Skały kredowe na Rugii przyciągają tysiące turystówZdjęcie: picture alliance / Arco Images GmbH

Szybko okazało się, że nie są w stanie konkurować ze stoczniami chińskimi i południowokoreańskimi, obficie dotowanymi przez państwo. W nieco lepszej sytuacji znalazło się rolnictwo w Meklemburgii, ale daje ono zatrudnienie tylko nielicznym.

Pozostaje turystyka. Merklemburgia ma piękne wybrzeże i przyciąga coraz więcej turystów z Niemiec i zagranicy. W tej chwili trzy na cztery miejsca pracy w tym kraju związkowym związane są z usługami, głównie w branży turystycznej. Niestety, zarobki nie są tu za wysokie i ten problem stał się głównym motywem walki wyborczej.

Sytuację łagodzą nieco dotacje z Brukseli.

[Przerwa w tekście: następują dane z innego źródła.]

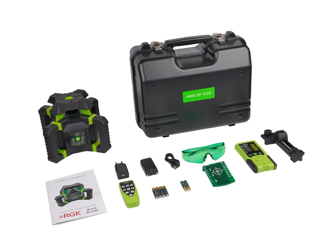 Оборудованный зеленым лазером, луч которого визуально воспринимается человеческим глазом ярче, по сравнению с красным, ротационный нивелир RGK SP-312G обеспечивает выполнение операций по выравниванию полов, монтажу навесных потолков, гипсокартонных перегородок и т.п. в помещениях с большой площадью, без перестановки проецирующего прибора. Наличие в комплекте поставки приемника лазерного излучения дает возможность производить измерения на открытых площадках до 600 м в диаметре. Пульт дистанционного управления позволяет менять режимы и производить необходимые регулировки, например, выставлять положение вертикальной опорной плоскости при монтаже фасадных систем, не приближаясь к инструменту, что исключает необходимость привлечения помощника.

Do roku 2013 Meklemburgia otrzyma z unijnej kasy 2,5 mld euro w formie pomocy regionalnej, ponieważ jej PKB nie przekracza 75 procent unijnej średniej. Ale co potem? Meklemburgia się wyludnia i niepokojąco starzeje. W porównaniu z sytuacją z roku 1990, kiedy średni wiek mieszkańca wynosił 36 lat, dziś wynosi on już 46 lat.

Jeśli tak dalej pójdzie, Meklemburgia może stać się w Niemczech oazą emerytów, podobną do Florydy w USA. Mając to na uwadze, landowe władze inwestują sporo w tzw. "gospodarkę zdrowotną": domy spokojnej starości, sanatoria, kliniki rehabilitacyjne, hotele SPA i gabinety odnowy biologicznej. Tylko, czy to wystarczy?